Is you systems has enough max connection count?

CentOS 7 updated
selinux disabled:

[root@mysql ~]# sestatus
SELinux status: disabled

periodic jobs:

  1. retarting qan(until driver: bad connection will fix)

[root@mysql ~]# crontab -l
*/30 * * * * /usr/sbin/pmm-admin restart mysql:queries > /dev/null

  1. /etc/cron.hourly/logrotate.mysql

#!/bin/sh

/usr/sbin/logrotate /etc/logrotate.d/mysql
EXITVALUE=$?
if [ $EXITVALUE != 0 ]; then
/usr/bin/logger -t logrotate “ALERT exited abnormally with [$EXITVALUE]”
fi
exit 0

  1. /etc/logrotate.d/mysql

/var/log/mysqld.log {
notifempty
size 100M
rotate 100
missingok
compress
olddir /var/log/mysql_old_logs
postrotate
touch /var/log/mysqld.log
chown mysql:mysql /var/log/mysqld.log
chmod 600 /var/log/mysqld.log
mysqladmin flush-logs
endscript
}

  1. all other centos7 system jobs without changes

Is you systems has enough max connection count?

net.ipv4.ip_local_port_range = 32768 60999
net.core.somaxconn = 128

Or how can i find out it?

  1. maybe you have any periodic task which use mysql on your application server and runs every 3 hours?
  2. can you share “MySQL Connections” graph?
  1. Well, we have big counts of tasks, that use server, but all from other servers, no local tasks. Database creation, dropping, DDL, DML etc. A lot.
  2. Images by url: https://www.dropbox.com/sh/geb4muklv…iKF4jVRva?dl=0
    Sorry, i cant overcome image uploading on this forum

can you try to switch QAN Collect source from “Performance Schema” to “Slow Log”?

Ok, i will.
By the way, 3 hours ago i had tuned new server, with same settings. And what? The same problem.

So, with “–query-source slowlog” everything fine. No problems since yesterday morning, it is about 20 hours.
Another problem - slowquery.log grow very fast, 890M from time of switching from performance_schema. Can i rotate it without loss of collected data in PMM?
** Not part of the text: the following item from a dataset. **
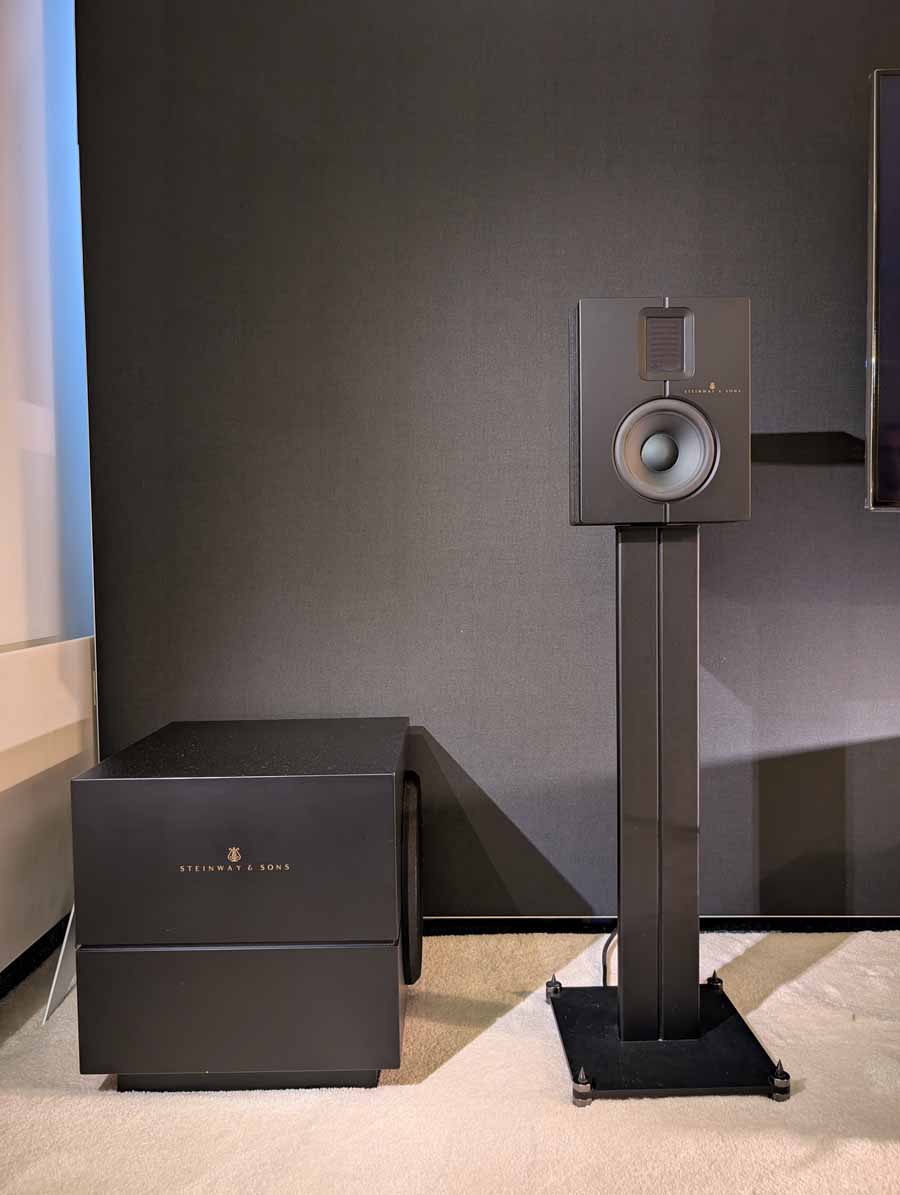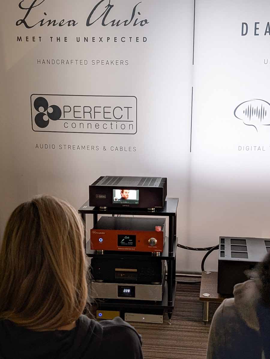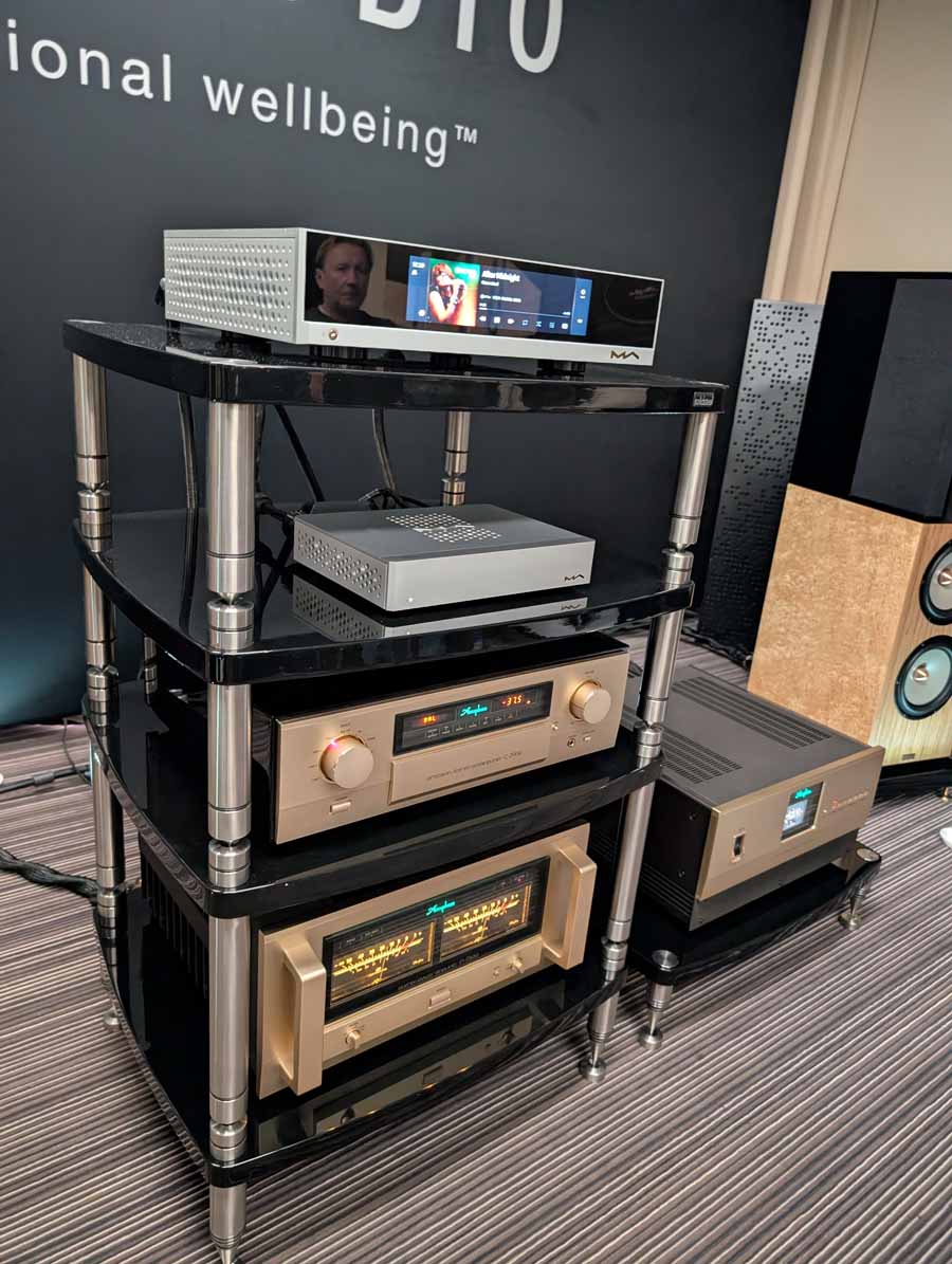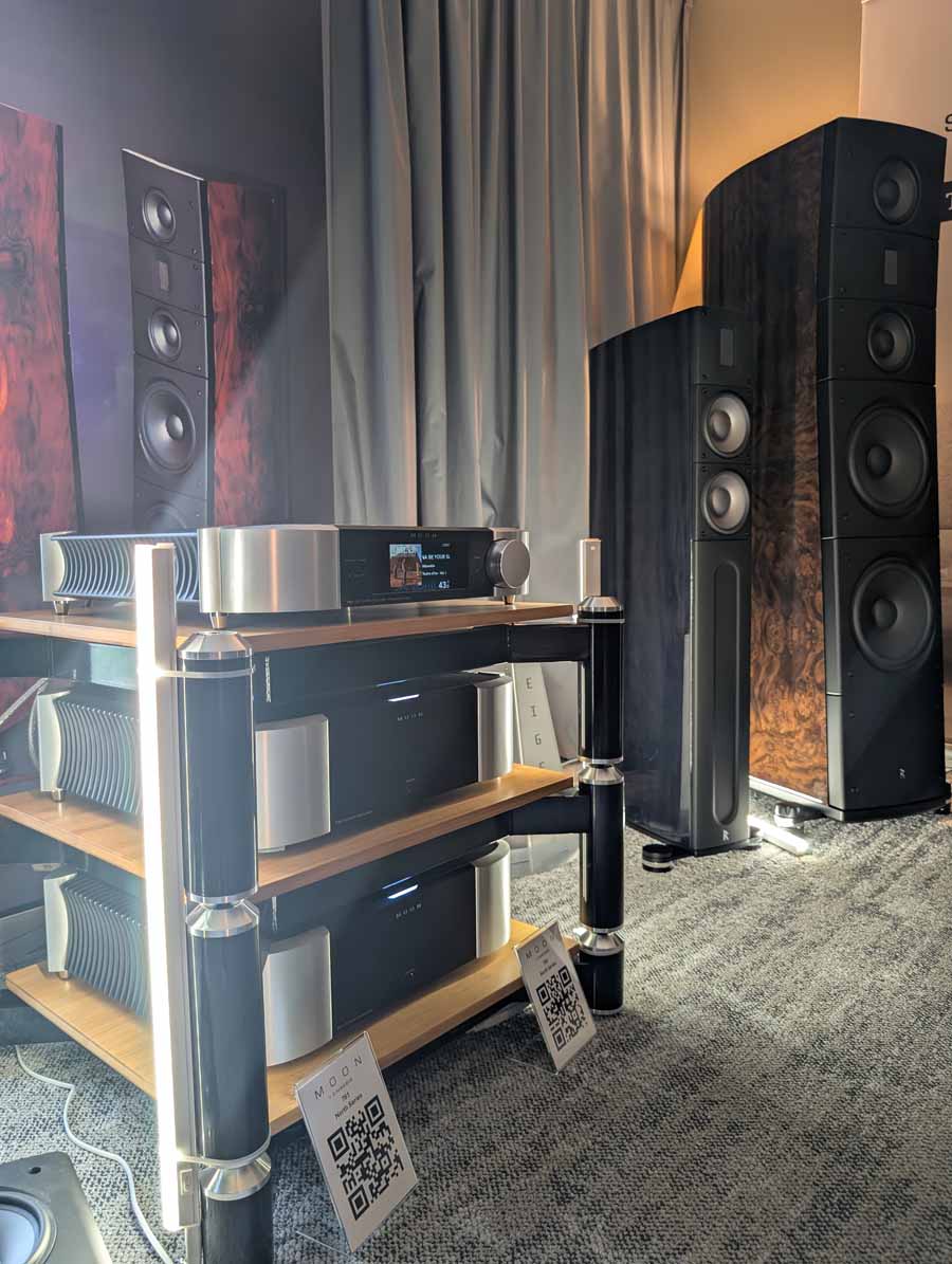 Well known for their RoomPerfect room correction DSP, Lyngdorf showed off a system consisting of a small pair of stand mounts and a pair of their subs – all dialled in with their RoomPerfect correction, allowing this system to have body, depth, and clarity from a small-ish system.

yes, you can, QAN should work fine, if any issues please let me know.

don’t use https://www.percona.com/doc/percona-…_rotation.html

“This feature is currently considered BETA quality.”
Can i use it in production environment, or it is better for now to use logrotate?

It’s beta, so up to you.
Log rotate is also should work OK. Example configuration https://www.percona.com/blog/2013/04/18/rotating-mysql-slow-logs-safely/

Thanks. But you have to fix problem with performance_schame in QAN :slight_smile:

after some research
please don’t use slowlog_rotation in PS, it is BETA and looks like it has some strange handling inside PMM.
please write immediately if you have any issues with log rotate.